Five AI Agents run in sequence on every new incident:
- Triage Agent - Validates severity, identifies the affected service, assesses blast radius
- Correlation Agent - Searches past incidents, Slack conversations, Google Drive docs, Jira tickets via Notion MCP's connected tool search
- Remediation Agent - Finds applicable runbooks, proposes specific commands and rollback steps
- Comms Agent - Orchestrates notifications and escalation
- Postmortem Agent - Generates a blameless postmortem when the incident resolves
Every agent writes its analysis as a structured comment on the Notion incident page. This is not dumped into a database somewhere. It lives in Notion, searchable, shareable, and visible to everyone.
Incident Commander: A contextual AI co-pilot embedded in the dashboard. During an active incident, you can ask it questions like "What changed recently in this service?" or "Find the runbook for this." It searches Notion, fetches pages, checks past incidents, and comes back with specific answers and clickable action buttons (search, escalate, transition status, notify someone, run a remediation step).
Bi-directional Notion Sync: The Notion Watcher polls active incident pages every 30 seconds. It detects when a human changes severity, updates status, adds a root cause, or writes an escalation comment directly in Notion. When it spots a change, it fires the appropriate callback, re-runs agents, and updates the dashboard via WebSocket.
Real-Time Dashboard: React frontend with live updates.
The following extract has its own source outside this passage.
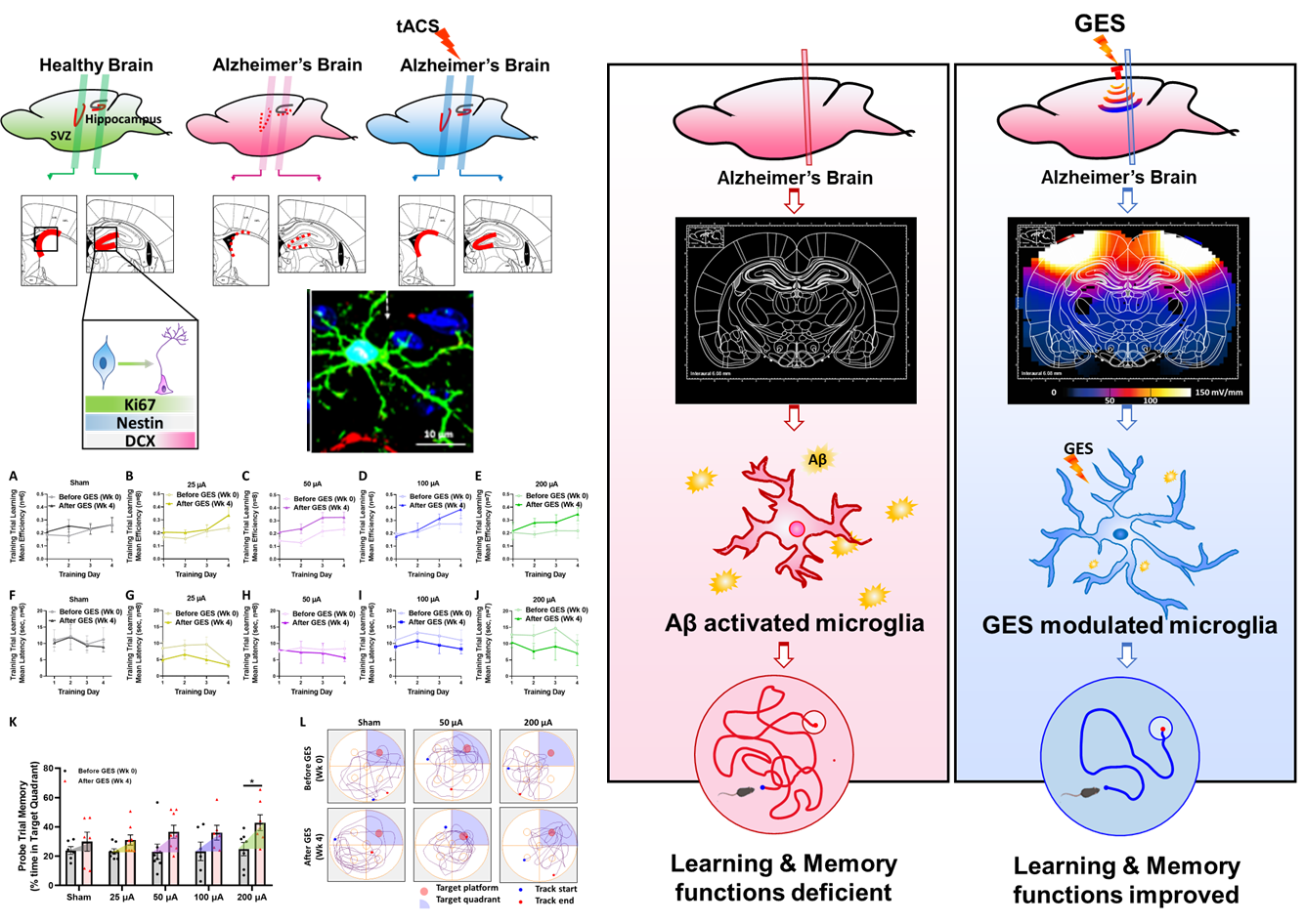 Fig. Intensity-dependent gamma electrical stimulation regulates microglial activation,reduces beta-amyloid load and facilitates memory in a mouse model of Alzheimer’s disease.
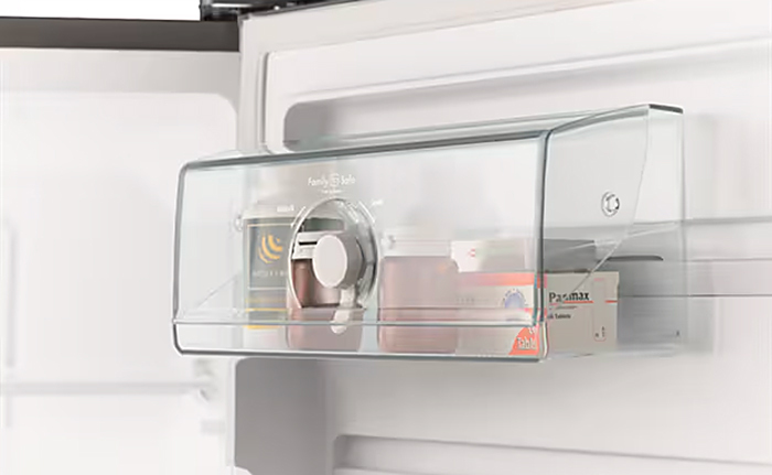 Lockable compartments are a great safety feature, but not many fridges have them. If yours doesn’t, it’s a good idea to keep your medicines in a clearly labelled container, ideally one that’s challenging for children to open, rather than loose on the shelf.

Incident list with filters, full timeline view, agent activity feed, audit trail, semantic search across Notion, a webhook playground for testing, and settings page for configuring integrations, all connected via WebSocket for instant updates.
Enterprise Integrations: Slack war rooms, GitHub deployment correlation, Jira ticket creation, Linear issue tracking, and outbound webhooks with retry logic.
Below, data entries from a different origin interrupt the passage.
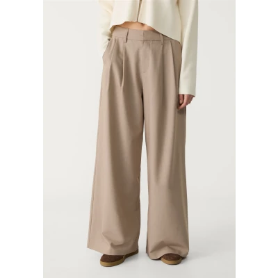 WIDE-LEG WITH BUTTONS - Trousers - mottled light brown
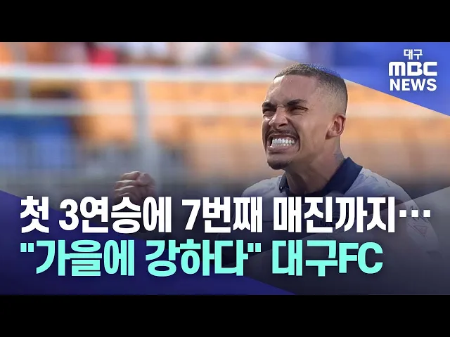 ◀앵커▶프로축구 대구 FC가 최근 3연승을 달리며 상위권 진입을 노리고 있습니다.팀의 핵심 전력인 세징야를 비롯해 주전 선수들이 빠진 가운데 일궈낸 연승이라서 더 값진 결과로 평가받고 있는데요,다가오는 일요일 홈에서 펼쳐지는 31라운드는 7번째 매진을 기록할 만큼 팬들의 관심이 뜨겁습니다.대구FC의 가을 전망을 ...
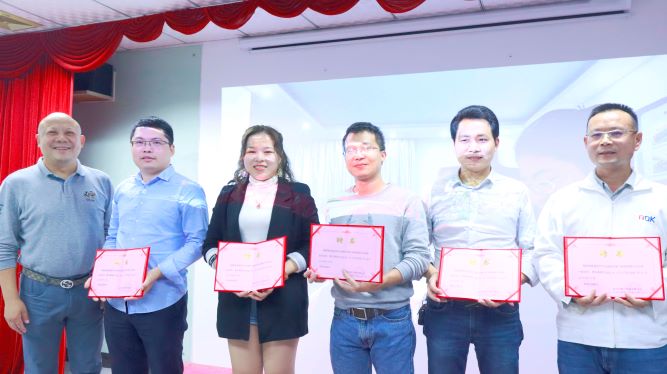 培训结束后,根据相关规则,集训班班主任评定了5位优秀学员(谢觉晖、刘雨华、严业龙、赖慧平、杨婷婷)、2位优秀组长(曾雪英、陈银霞)、1位优秀班长(牟民)、2个优胜小组(扬帆班五组、开拓班一组)及1个优胜班(开拓班),由傲川科技周总经理对以上优秀个体及团体进行颁奖。

The architecture in one picture
Prometheus/Grafana/PagerDuty
|
v (webhooks)
+------------------+ JSON-RPC 2.0 +------------------+
| OpsLens Backend | <-------------------> | Notion MCP |
| (FastAPI) | Streamable HTTP | Server (:3100) |
| | | |
| - Incident Mgr | +--------+---------+
| - 5 AI Agents | |
| - Notion Watcher | v
| - WebSocket Hub | +------------------+
+--------+---------+ | Notion |
| | - Incidents DB |
v | - Runbooks DB |
+------------------+ | - Services DB |
| React Dashboard | | - Postmortems |
| - Incident List | | - On-Call DB |
| - Commander | +------------------+
| - Agent Feed |
| - Audit Trail |
+------------------+
Video Demo
Show us the code
OpsLens
Autonomous Incident Response Orchestrator powered by Notion MCP
OpsLens transforms Notion into an AI-powered incident command center. It ingests alerts from monitoring tools, runs a pipeline of specialized AI agents for triage, correlation, remediation, and postmortem generation, and writes every finding back to Notion as structured, searchable knowledge. Engineers interact through a real-time dashboard or directly in Notion. The system watches for human edits and reacts, creating a true human-in-the-loop incident response workflow.
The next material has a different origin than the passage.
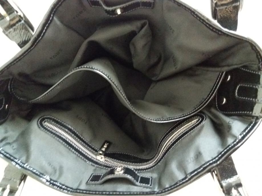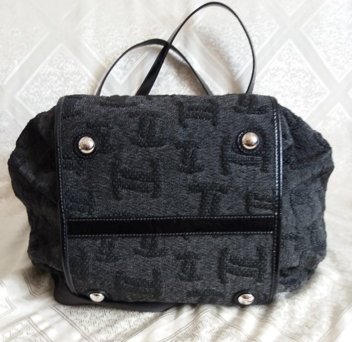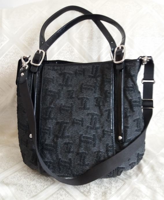 Jako atraktivna torba tamno sive boje , ručke prava lakirana koža crne boje .
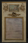 #120: LOUIS XVI CARVED, PAINTED AND PARCEL-GILT TRUMEAU The plate within bead-and-reel & ribbon twist surround, beneath a bowknot branch, pendant music trophies & a painted canvas; 58 x 35 1/2 in. Estimate: $ 800.00 - $ 1200.00 Sold at $ 1,500.00

Built for the Notion MCP Challenge on DEV.to.
Table of Contents
- Problem Statement
- How It Works
- Architecture
- Use Cases
- Features
- Tech Stack
- Project Structure
- Getting Started
- Configuration
- API Reference
- Webhook Integration
- Slash Commands
- Docker Deployment
- Development
- Author
- License
Problem Statement
When a production incident fires at 3 AM, the on-call engineer faces a wall of context switching: triage the alert, search for past incidents, find the runbook, notify stakeholders, check recent deployments, and document everything for…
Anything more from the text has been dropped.